Seule la Commission peut proposer un report de l’adhésion, une lourde responsabilité. Option 2008 ? Le report décrédibiliserait l’exécutif européen et pourrait retarder les réformes. S’y ajoute le risque de démotiver les pays des Balkans dans leurs efforts vers la paix. Difficile ainsi pour l'organe de décisionnel de l'UE de faire la part entre « le chantage à l’adhésion » des pays candidats et les dangers réels.

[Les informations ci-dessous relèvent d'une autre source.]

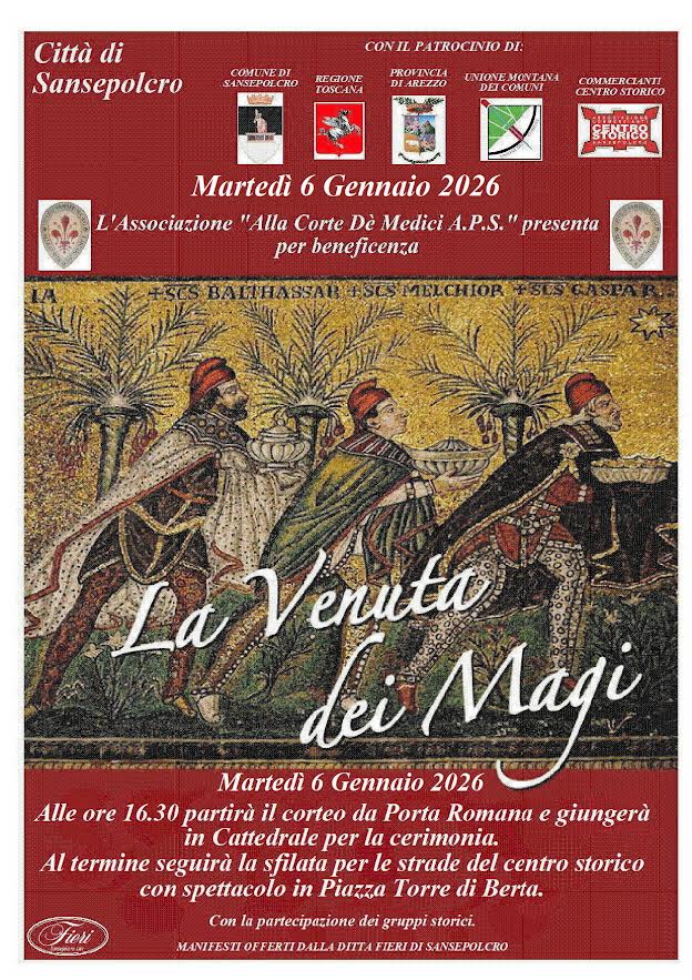 Il 6 gennaio 2026 Sansepolcro rinnova uno degli appuntamenti più sentiti e suggestivi del periodo natalizio con La Venuta dei Magi, evento simbolico che unisce tradizione storica, partecipazione cittadina e solidarietà.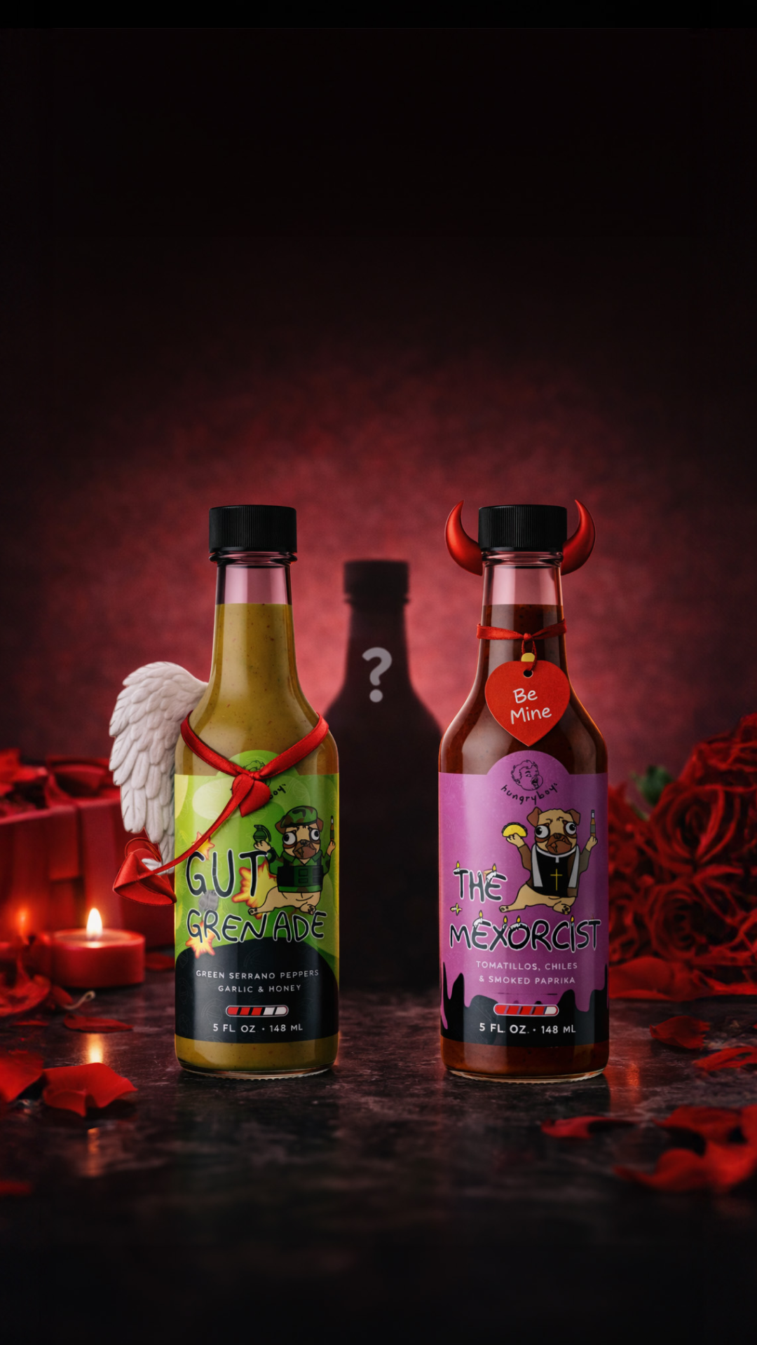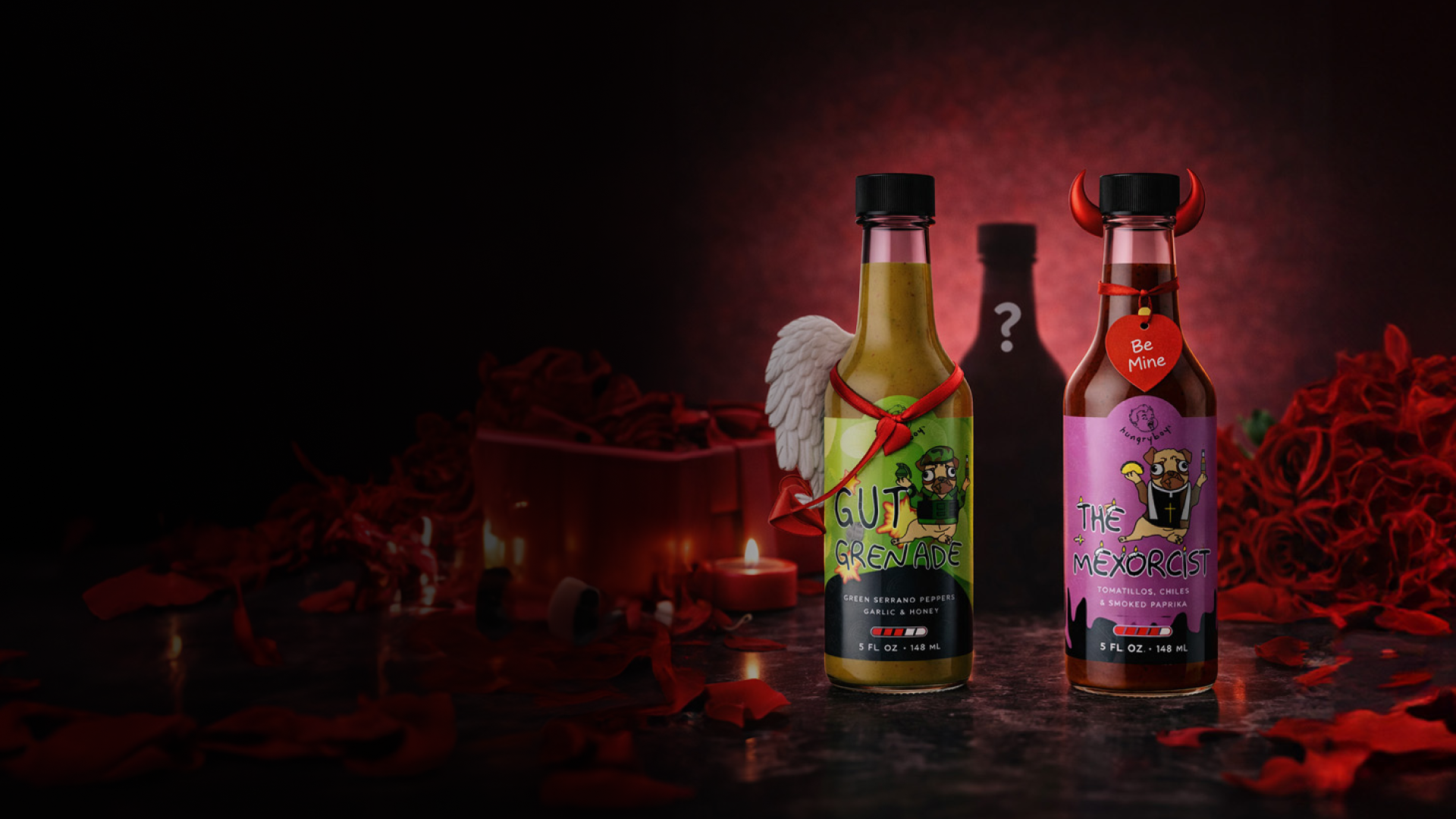 Five sauces. Zero boredom. Maximum chaos: Sweet Sting, The Butt Bubbler, Gut Grenade, The Mexorcist, and Taste Bud Trauma.

Option 2007 ? Si la Roumanie et la Bulgarie ne sont pas prêtes, les anciens Etats membres ne risquent-ils pas de voir débouler sur leur territoire mafieux bulgares ou poulets roumains grippés ? Un diplomate européen confirme que « la menace est plus sérieuse qu’il n’y paraît mais la Commission peut toujours prendre des mesures de sauvegarde ». Concrètement, si les Roumains n’ont pas assez de postes de douanes vétérinaires, la Commission peut décider d’interdire l’entrée de volailles roumaines sur le territoire des autres pays de l’Union. Autre sujet d’inquiétude : la Croatie et la Turquie qui rechignent à se conformer aux exigences communautaires. Si Bruxelles se montre souple avec la Bulgarie et la Roumanie, cela n’incitera guère ces deux candidats rétifs à accélérer leurs réformes.
Duo gagnant en 2007 ?
En outre, la proposition de report de l’adhésion ne deviendra réalité que si les Etats membres l’approuvent. «Or politiquement, on voit mal un Etat membre soutenir un délai », pointe un diplomate bruxellois. Autre scénario : un pays grincheux refuse de ratifier les traités d’adhésion, gelant ainsi tout le processus. Le risque existe : le soufflé d’europhilie enthousiaste des années 2004 est retombé et certains députés conservateurs allemands ou autrichiens sont sceptiques sur un nouvel élargissement. Mais l’hypothèse est peu réaliste : aucun pays n’a intérêt à déstabiliser une Commission déjà affaiblie par l’échec de la Constitution. Et s’ils entraient ? La Roumanie et Bulgarie apporteraient un peu de dynamisme à une Union enlisée dans les sables mouvants des « non » français et néerlandais. Les deux pays ont ratifié la constitution européenne et environ 70% de leur population est pro-européenne.